*** Opening of Data shown ***

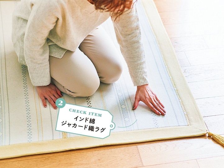 【宇高さん的イイネ!】爽やかカラーのインド綿ジャカード織ラグは、表面がとっても滑らか&クッション性もいい!
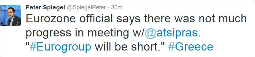 Σύμφωνα με τον δημοσιογράφο Ευρωπαίος αξιωματούχος υπογράμμισε ότι η αποψινή συνεδρίαση του Eurogroup θα είναι σύντομη καθώς δεν υπήρξε πρόοδος στη συνάντηση των επικεφαλής των θεσμών με τον Πρωθυπουργό Αλέξη Τσίπρα.
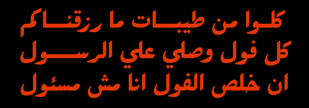 Felfel is an Arabic typeface inspired by the rich history of the Arabic Ruq’ah, one of the most widely used Arabic calligraphy styles, but with a modern pinch. It’s available in Bold but the rest of the family is on the way with different weights and effects influenced by the visual identity of Egyptian streets.
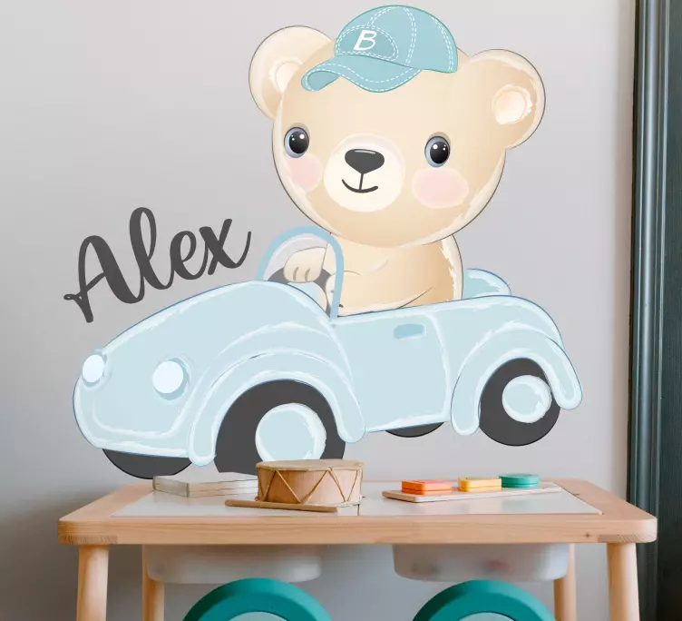 Reference: A48719Charming illustration features an adorable bear in a vintage vehicle, donning a cap. The design evokes a sense of fun and adventure, appealing to children's imaginations. Personalized options add a special touch, making this a delightful addition to any child's space.

*** Close of Data shown ***

- Exercise goal -
Reproduce verbatim every line starting at the line that holds "Felfel is an" and ending with the final line of the data; omit the pictures.

- Solution to this problem -
 Felfel is an Arabic typeface inspired by the rich history of the Arabic Ruq’ah, one of the most widely used Arabic calligraphy styles, but with a modern pinch. It’s available in Bold but the rest of the family is on the way with different weights and effects influenced by the visual identity of Egyptian streets.
 Reference: A48719Charming illustration features an adorable bear in a vintage vehicle, donning a cap. The design evokes a sense of fun and adventure, appealing to children's imaginations. Personalized options add a special touch, making this a delightful addition to any child's space.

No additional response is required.